Thursday 18 April 2013

Globalization, Technicity and the Digital Divide
The term globalization is often used when referring to or talking about the spread and correspondence between production, communication, and technologies across the globe. As a phrase globalization accommodates a variety of profitable changes these changes can range from being social to political along with economic changes. With all that being said globalization also increases and even speeds up the trade of ideas and commodities over immense space. The impacts of globalization are often best understood at the local level many cases of globalization explore the various manifestations of interconnectedness in the world, nothing about how globalization affects real people and places.
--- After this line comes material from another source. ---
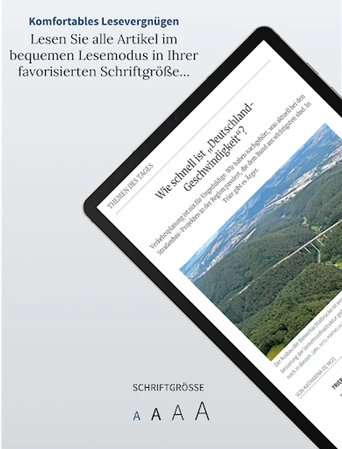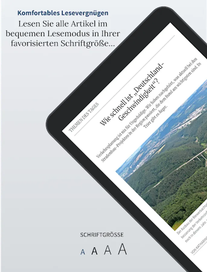 A subscription to the Trierischer Volksfreund via the ePaper app costs EUR 28.99 per month (billing via your Google account, no registration within the app necessary). The subscription is automatically renewed if you do not deactivate the automatic subscription renewal in the system settings at least 24 hours before the end of the term. If the price changes, auto-renewal will be turned off. Once a subscription has been taken out, it cannot be cancelled.

Globalization repeatedly becomes known as being a force of the natural world, an experience that takes place and avoids limits or substitutes. However the association of individuals has revealed that globalization is neither unchangeable nor predictable. Societies from in and around  the world normal people from the global north and south can work together to form alternate futures, to build a globalization of cooperation, solidarity and respect for our common planetary environment.
Cultural globalization.
Another type of globalization is ‘cultural globalization’ which communicates the transmission of ideas, meanings and values universally. This course of action is evident by the common utilization of traditions that are beginning to be circulated by the internet, fashionable culture and global travel. This particular circulation of various cultures and traditions allows individuals to participate in extensive social affairs outside without having any limitations. The formation and growth of these social relations are not observed on any material level.
Digital divide - A term used to describe the discrepancy between people who have access to and the resources to use new information and communication tools, such as the Internet, and people who do not have the resources and access to the technology. The term also describes the discrepancy between those who have the skills, knowledge and abilities to use the technologies and those who do not. The digital divide can exist between those living in rural areas and those living in urban areas, between the educated and uneducated, between economic classes, and on a global scale between more and less industrially developed nations.